It's breaking new ground in me. You spoke your truth into the lies I let my heart believe.
It's breaking new ground in me. You spoke your truth into the lies I let my heart believe. -Tasha Layton
Look what you've done Tasha Layton is one of those songs that makes me almost have to pull my car over when I hear it. It's just that good. I laugh as I write this because I still hear lyrics very differently than what they are... Like in my mind she says Look what you've done TO me but the lyrics say look what you've done IN me. I also tell myself that she says look what you "made me do." But I know she actually says look how you made me new. (Hallelujah! )
Music is so much fun for me because the pictures are painted and I crack myself up when I think of my interpretation and fun translation as opposed to what the artist is actually saying. What are they thinking when they stand behind that mic and say those words?
For years men came in and out of my life and did things to me. They manipulated me. They imprinted on me. They confused me. They used me. I was looking for love and they didn't mean me any good. Then came Jesus. I thought I knew Him before, but this was different. I had to get to know Him in a better way (I know that's a totally different song!) The Lord invaded my space. He did something when I least expected it and He was right on time. My heart was becoming dark and cold and I believe the Lord looked down from Heaven and in His wisdom, He decided to give me hope and a future.
I was on the path to becoming a vixen, a side piece, and God knows what other foolish thing. But before I could He pierced my heart. He made just enough room to shine some light in my darkness and turned everything around for me. It started from the inside out. That's how live now. Instead of becoming what hurt me I got healed. The Truth was speaking louder than the lies that had swirled around my head for years. My focus shifted in a whole new direction. Instead of becoming callous and closing my heart off from everyone I looked in the mirror and decided that the Chick looking back at me was worthy of real love, genuine love. I stopped wallowing in self-pity.

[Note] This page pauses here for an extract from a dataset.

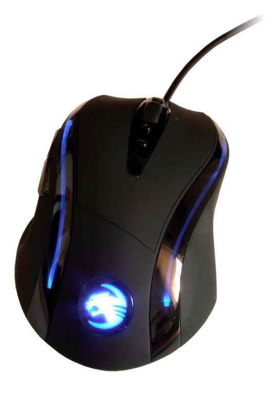 Die Haupttasten werden vom restlichen Mauskörper durch zwei Einsätze aus teilweise durchsichtigem Kunsstoff getrennt, die die Beleuchtungselemente enthalten. Auf der linken Seite finden sich zwei Tasten, die etwa der Umschaltung im Browser dienen, aber natürlich auch anderweitig genutzt werden können. Jede der genannten Tasten lässt sich natürlich auch mit Makros, Shortcuts u.a.m. belegen. Zudem arbeiten alle Tasten sehr definiert und sitzen auch nicht klapperig im Gehäuse, wie man das bei manch anderem Maus-Modell schon erlebt hat. Auf linken Gehäuseseite der Maus findet sich eine Kuhle für den Daumen, die recht Seite bietet eine relativ gerade, mit dem Roccat-Schriftzug versehene Auflagefläche für die Finger, so dass die Hand insgesamt bequem positioniert werden kann. Das Heck der Maus wird von einem Roccat-Logo geziert, das hinsichtlich der Beleuchtung ebenfalls individuell eingestellt werden kann. Die Oberseite der Maus ist komplett mit einer gummiartigen Beschichtung versehen, die sich angenehm greift. Abrutschen ist also eher unwahrscheinlich.
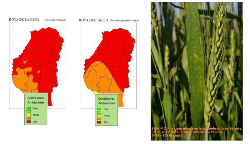 El riesgo climático para la ocurrencia roya de la hoja y desarrollo de las enfermedades del trigo preparado por la Bolsa de Cereales de Entre Ríos, Campo Global e INTA-EEA Paraná para la semana del 08 al 14 de septiembre indica en general un crecimiento moderado de la roya de la hoja (Puccinia triticina) y la roya del tallo (P. graminis-tritici) sólo en variedades susceptibles. Algunas variedades presentan una excelente sanidad a enfermedades foliares.

The reason I'm so serious about my life with Jesus is because I was a dead woman walking and drawing near to God made me live again. I was literally born again. And you might get in trouble if you go telling your pastor this, but... it happened for me more than once! I strayed off the path several times and the Lord ushered me back each time. Each time He washed me and cleaned out the trash in my head and my heart. Mentally and emotionally I was dying. Failed relationships almost took me out. I work hard, play hard, and I love hard. So breakups were tough for me- even when I was the one initiating the ending of the relationship. I later realized it was because I was inviting men into places in my soul that were reserved for God. And one day when I thought the end had come, I mean the real end as in buried and gone forever, I committed FULLY to doing things God's way. I yielded my opinions, my plans, my everything to Him and I told Him what the Bible said. Of course He didn't forget, but I reminded Him that the Bible said that He would fight my battles, that He would provide for me, that He would direct my path, that He wanted me to prosper. I told Him I needed Him to do all of that and if He did I would not jump in the driver's seat again. Not only that I would tell everybody of all that He has done.
That agreement holds strong today. I've never wanted for anything. I've never been overwhelmed by dark forces. The enemy did everything that he could do. But look what GOD did.